Data excerpts section start
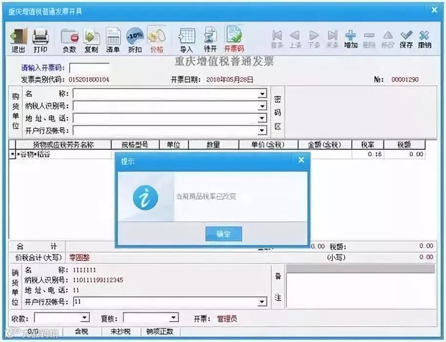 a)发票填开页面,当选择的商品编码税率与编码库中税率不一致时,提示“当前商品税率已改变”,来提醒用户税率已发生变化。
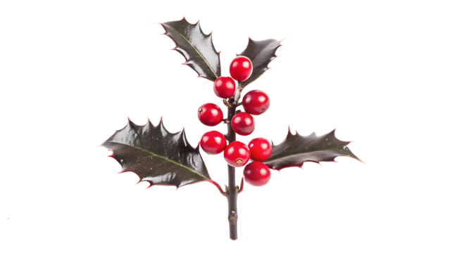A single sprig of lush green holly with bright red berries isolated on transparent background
Data excerpts section end
Data excerpts section start
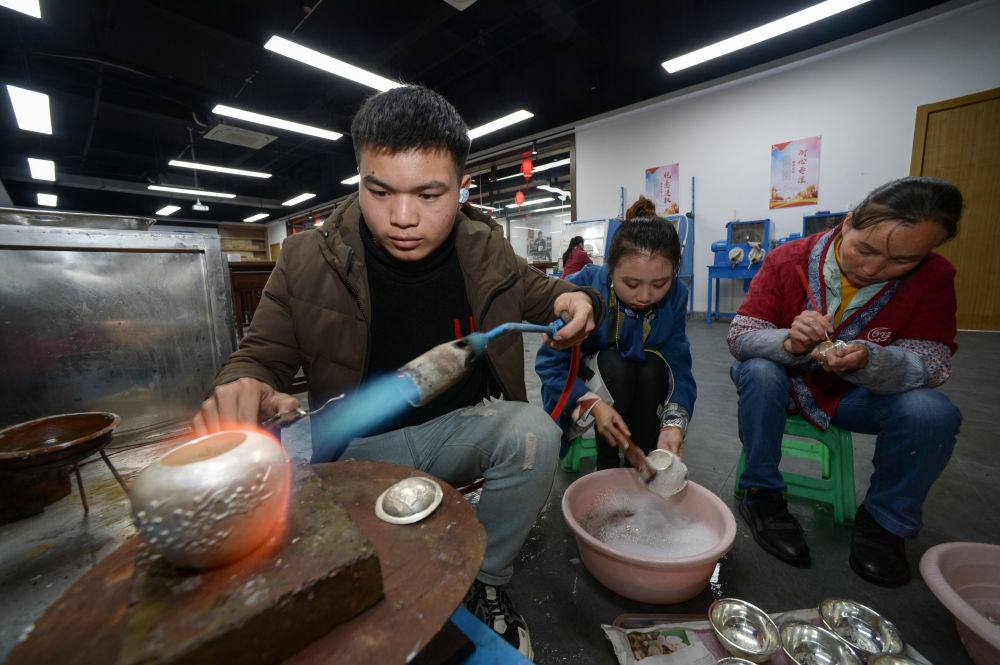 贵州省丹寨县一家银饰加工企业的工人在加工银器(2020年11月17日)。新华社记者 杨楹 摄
Data excerpts section end
Data excerpts section start
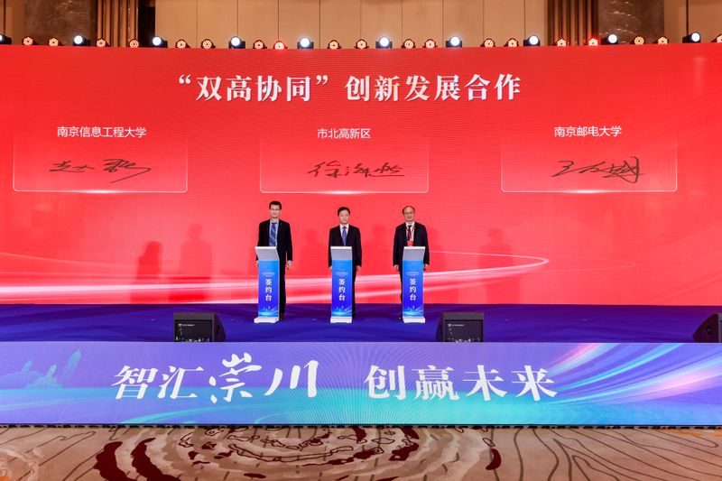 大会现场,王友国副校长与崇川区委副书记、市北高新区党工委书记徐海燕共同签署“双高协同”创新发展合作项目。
Data excerpts section end
_Required action:_ Each line above that falls between the line with "a)发票填开页面,当选择的商" and the line with "A single sprig" should be printed exactly, together with those two lines, but the pictures should not.

_Task result:_
 a)发票填开页面,当选择的商品编码税率与编码库中税率不一致时,提示“当前商品税率已改变”,来提醒用户税率已发生变化。
A single sprig of lush green holly with bright red berries isolated on transparent background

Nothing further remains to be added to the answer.